Genetic diversity of Singapore's P. nodosus populations as assessed by COI haplotype diversity was high; rarefied haplotype diversity of the three main populations at Pulau Sekudu, Cyrene reefs and Pulau Semakau in Singapore (0.798–0.869) fell in the upper end of the spectrum of the Coral Triangle (figure 2; electronic supplementary material, table S1), and 18 of the 91 haplotypes were unique to Singapore (GenBank accession numbers KU896219–KU896296)—most of which were found at Cyrene reefs (figure 3). Mismatch distribution analysis results suggest that most of the locations investigated in this study have undergone a recent population expansion; both tests of goodness of fit from the model of instantaneous demographic expansion were mostly non-significant at the 0.05 level (table 1), which indicates that there is no significant difference (i.e. a good fit) between the observed data and data expected under a model of demographic expansion. Plots of pairwise differences were also roughly unimodal and smooth (figure 4), suggesting an excess of low frequency mutations acquired during population expansion, compared with stationary populations that have been subject to more genetic drift and tend to exhibit multimodal distributions [56-58]. Populations at Nusa Tenggara and Yapen, however, differed significantly from the model of recent population expansion as indicated by the sum of squared deviations (SSD), but not the Raggedness index. The many unique haplotypes and strongly negative Fu's F statistic and Tajima's D (table 1; electronic supplementary material, table S1) are also consistent with a recent population expansion at most sites except Pulau Semakau and Numfor.
Figure 2.

Average genetic diversities of three sampling localities in Singapore and nine from within the Coral Triangle based on COI data. Different sample sizes were accounted for by 30 sets of random subsamples of 15 individuals per sampling locality. Number of haplotypes per site are represented on the x-axis, haplotype diversities on the y-axis. Standard error bars are indicated. Specific site diversity and standard error values are in the electronic supplementary material, table S1.

Figure 3.

Minimum spanning network for Protoreaster nodosus populations in Singapore and the Coral Triangle based on COI sequence data. All samples from within the Coral Triangle are grouped together as the lightest shade of grey. Each haplotype is represented by one circle and separated by one mutational step, unless indicated by additional hatch marks. Diameters of circles are proportionate to the frequency of each haplotype occurrence, ranging from 1 to 29, except for the most common haplotype (178) which was scaled down.

Table 1.

Results of the mismatch distribution analysis and tests for neutrality, for Protoreaster nodosus populations at each sampling location, based on COI data. Statistically significant values are highlighted in italics.

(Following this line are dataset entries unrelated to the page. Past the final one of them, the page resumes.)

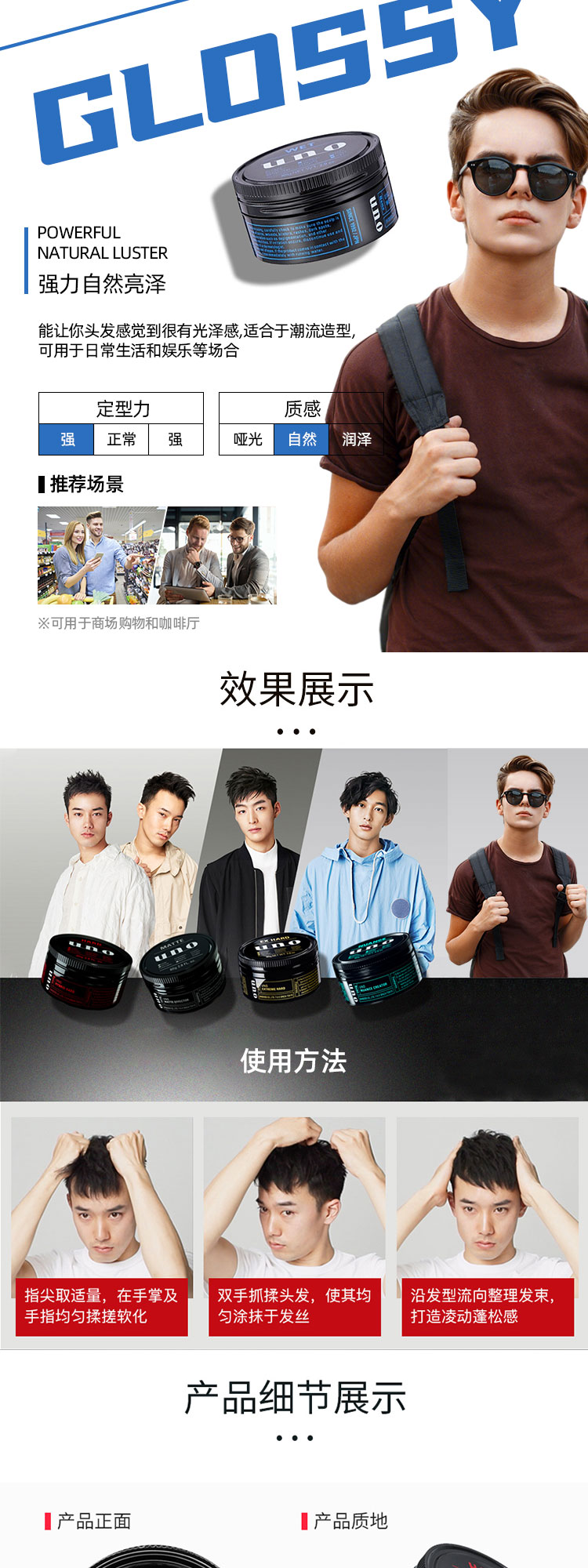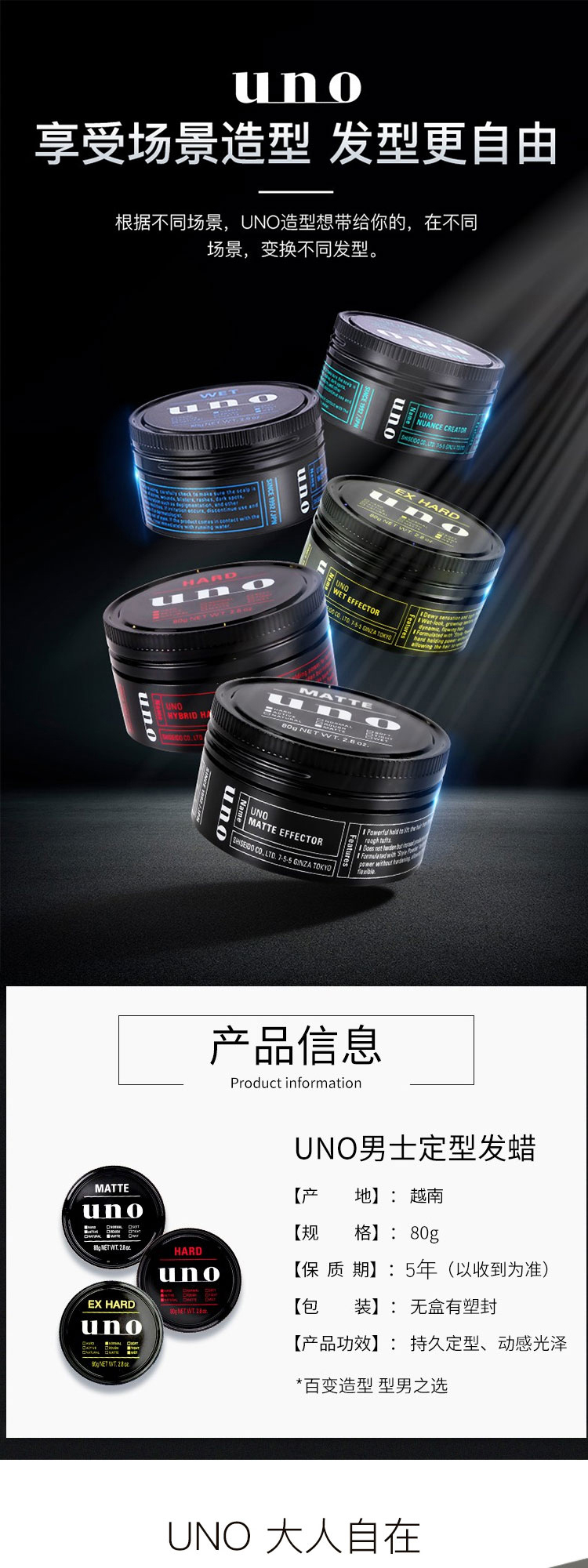 【保税直邮 南昌海关】资生堂UNO男士自然蓬松型发蜡80g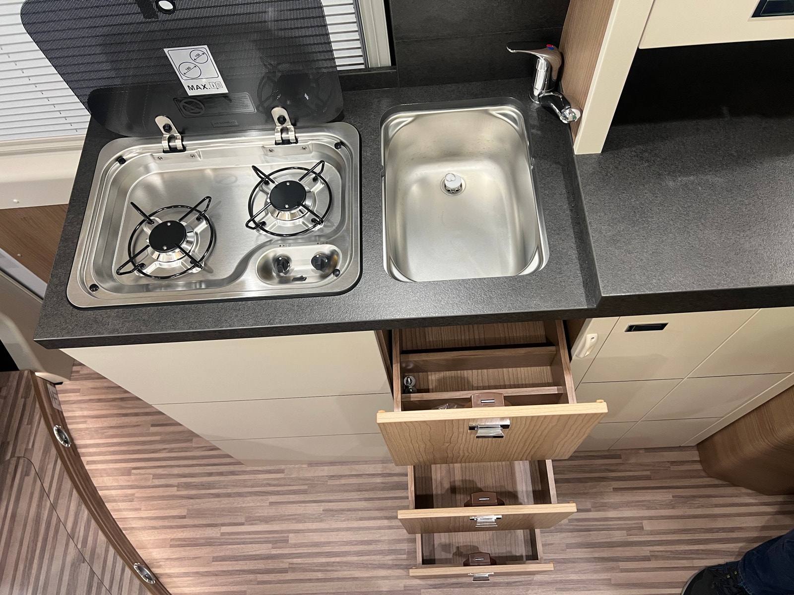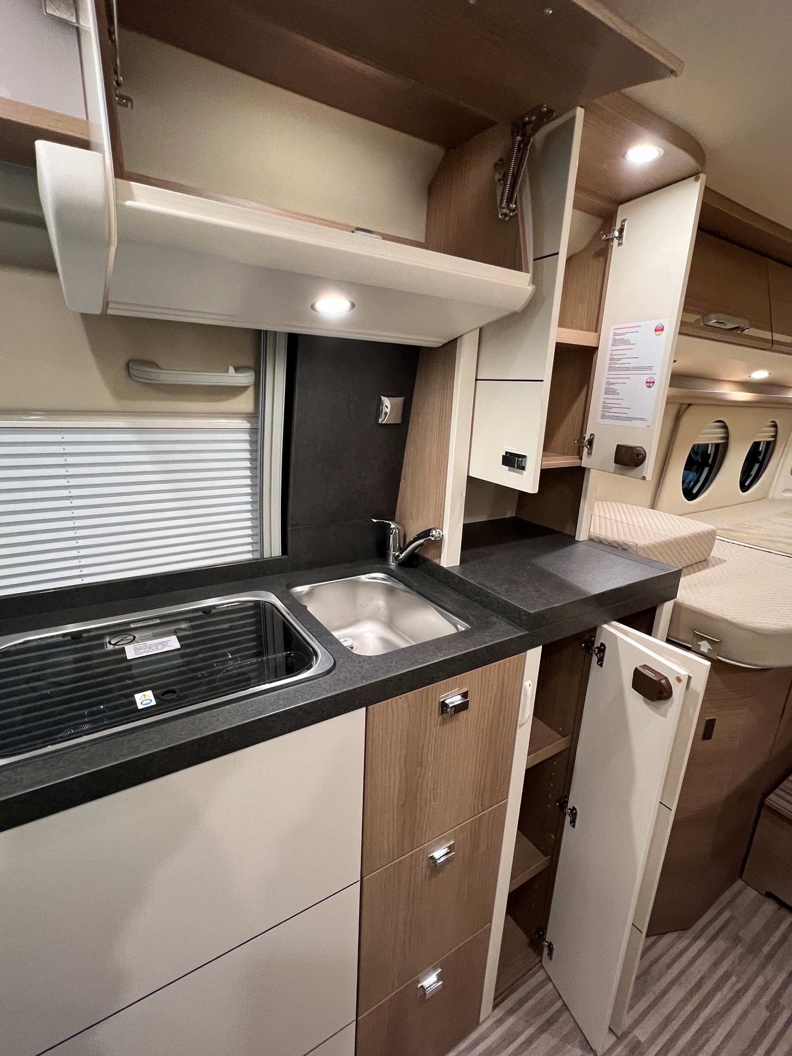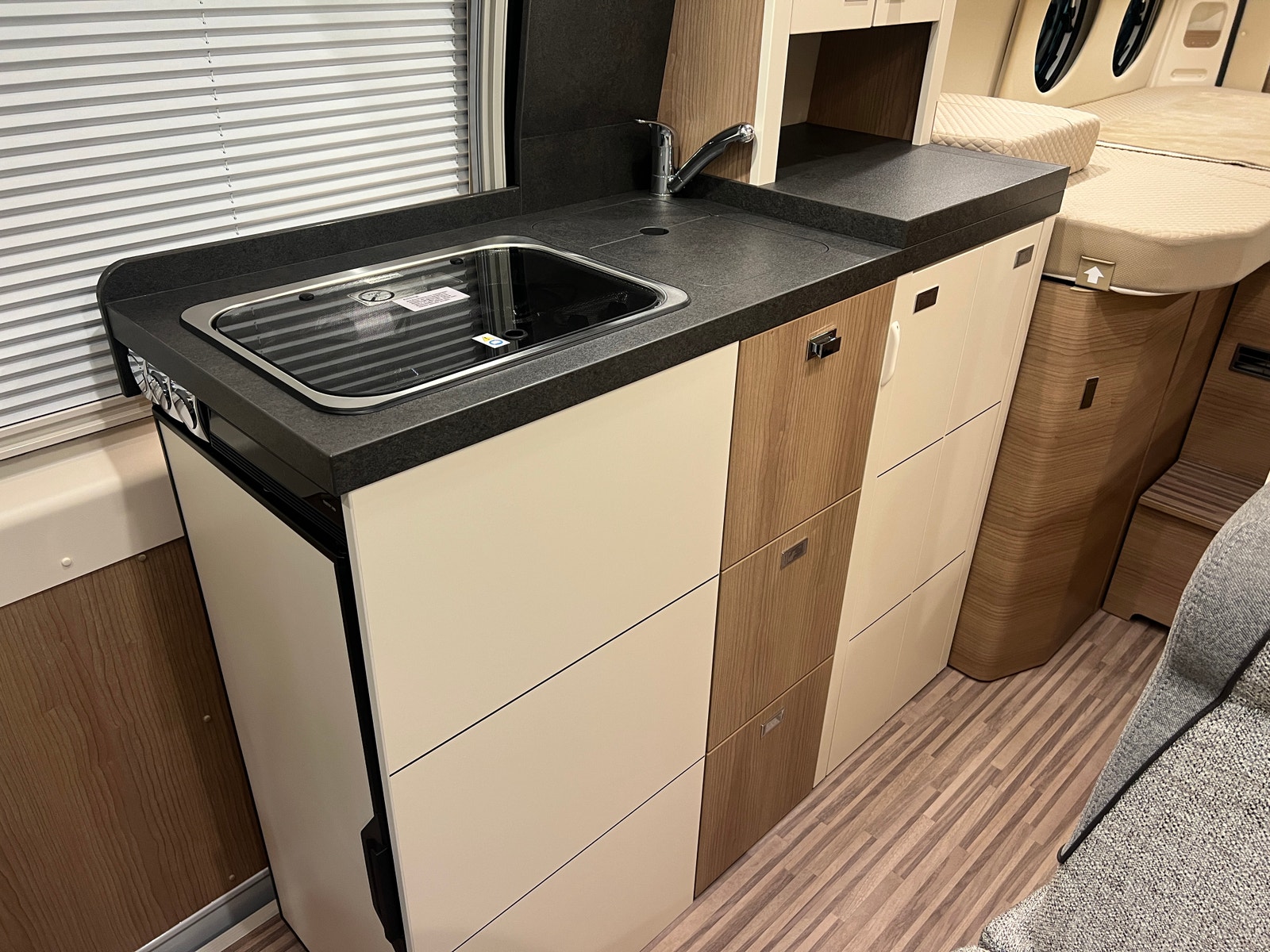 Stor kjøkkenbenk og to romslige kjøkkenskuffer med demping samt ett lite skap. Romselig kompressor kjøleskap. Det er gode muligheter for lagring under sittebenk til tørrvarer etc. Her kommer du til uten å fjerne puten, skuff som dras ut. Koketopp med elektrisk tenner og praktisk glasslokk. Dekselet over oppvaskkum.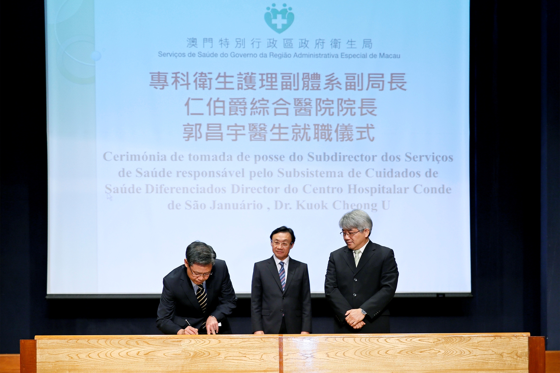 Teve lugar esta segunda-feira, 4 de Maio de 2015, a cerimónia de tomada de posse do Senhor Dr. Kuok Cheong U como subdirector dos Serviços de Saúde e director do Centro Hospitalar Conde de São Januário que decorreu no auditório do Edifício de Administração dos Serviços de Saúde.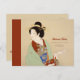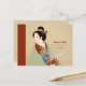 Postal inspirada en una obra de arte delicadamente hermosa del artista japonés Uemura Shōen (1875-1949). La pintura, titulada Composición de un poema (1942), muestra a una mujer hermosa, con kimono y un conjunto de peinados. Está representada en un estilo japonés tradicional. Su cabeza se pone de lado, pero su mirada parece poco enfocada y reflexiva. Pueden imaginar fácilmente que ella está buscando inspiración para un nuevo poema. En sus manos sostiene un bolígrafo y un pedazo de papel. Uemura Shōen (1875-1949) es conocida principalmente por sus pinturas bijin-ga (aprox. pinturas de mujeres hermosas). El concepto a veces fue criticado por ser anticuado y anticuado, pero Uemura Shōen supuestamente dijo que su ambición no era pintar mujeres hermosas, sino hacer pinturas tan hermosas que se las pudiera describir como preciosas gemas, "siempre con un sentido de pureza fresca".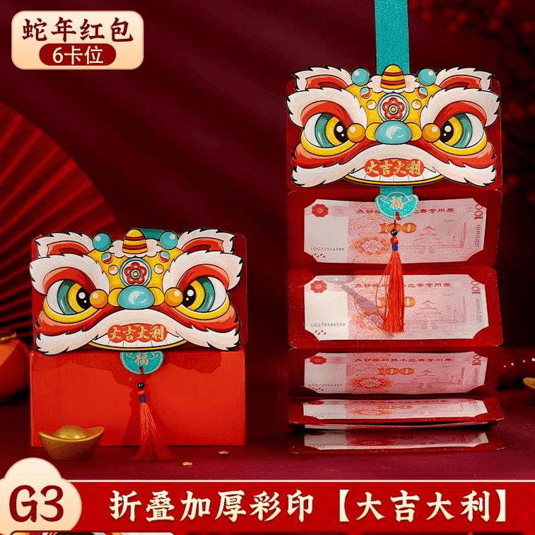 [중국에서 온 다이렉트 메일] 뱀의 해 빨간 봉투 세로 인감 2025 새해 3차원 접이식 새해 지갑 새해 창의적 개인화 만화 6 카드 슬롯 행운을 빌어요*1개

τ (low bound; upper bound)θ0 (low bound; upper bound)θ1 (low bound; upper bound)SSD (p-value)Raggedness index (p-value)Tajima's D (p-value)Fu's Fs (p-value)
3Sekudu1.498 (0.436; 3.246)0.039 (0.000; 0.932)20.064 (1.443; 166.629)0.0164 (p = 0.119)0.0619 (p = 0.195)−1.52 (p = 0.049)3.36 (p = 0.018)
4Cyrene1.863 (0.828; 3.121)0.000 (0.000; 1.053)94.376 (2.238; 140.314)0.0074 (p = 0.097)0.0512 (p = 0.072)−1.94 (p = 0.010)−8.01 (p < 0.001)
5Semakau1.811 (0.457; 4.018)0.000 (0.000; 1.016)9.778 (1.189; 164.78)0.0044 (p = 0.510)0.0372 (p = 0.638)−0.64 (p = 0.295)−0.46 (p = 0.401)
6Karimunjawa0.828 (0.578; 4.258)0.752 (0.000; 0.703)23.346 (1.466; 35.501)0.0006 (p = 0.881)0.0281 (p = 0.791)−2.12 (p = 0.003)−11.75 (p < 0.001)
7Nusa Tenggara0.875 (0.000; 0.625)0.450 (0.000; 0.000)7158.133 (4963.143; 7148.133)0.0056 (p = 0.000)0.0806 (p = 1.000)−1.4 (p = 0.0750)−3.7 (p = 0.006)
9South Sulawesi0.781 (0.662; 5.219)1.013 (0.000; 1.118)3431.002 (1.779; 35.892)0.0088 (p = 0.284)0.0466 (p = 0.199)−2.09 (p = 0.006)−6.06 (p = 0.002)
10Manado1.000 (0.371; 2.945)0.000 (0.000; 0.838)3407.185 (0.889; 714.695)0.0068 (p = 0.390)0.0596 (p = 0.311)−1.98 (p = 0.007)−5.87 (p < 0.001)
11Halmahera1.996 (0.592; 4.529)0.011 (0.000; 0.990)5.831 (1.486; 118.33)0.0014 (p = 0.778)0.0231 (p = 0.891)−2.37 (p < 0.001)−27.79 (p < 0.001)
12Raja Ampat3.174 (0.703; 7.385)0.000 (0.000; 0.197)0.873 (0.544; 26.577)0.0054 (p = 0.857)0.1339 (p = 0.598)−2.26 (p = 0.001)−11.37 (p < 0.001)
14Numfor2.754 (1.215; 5.877)0.000 (0.000; 1.269)7.231 (1.99; 160.982)0.0217 (p = 0.331)0.0720 (p = 0.357)−1.24 (p = 0.109)−0.72 (p = 0.306)
15Biak2.674 (1.068; 5.658)0.000 (0.000; 1.162)4.746 (1.728; 137.403)0.0059 (p = 0.729)0.0237 (p = 0.958)−1.28 (p = 0.099)−3.9 (p = 0.007)
16Yapen2.547 (1.244; 4.199)0.000 (0.000; 1.587)34.101 (3.027; 254.102)0.0217 (p = 0.031)0.0856 (p = 0.053)−1.13 (p = 0.132)−4.13 (p = 0.008)
Figure 4.

Frequency distribution of the number of pairwise sequence differences among individuals from each sampling locality in Singapore ((a)(i–iii)), and across the Coral Triangle ((b–d)(i–iii)). *p-value of SSD test for goodness-of-fit with the model of sudden population expansion was significant at the 0.05 level.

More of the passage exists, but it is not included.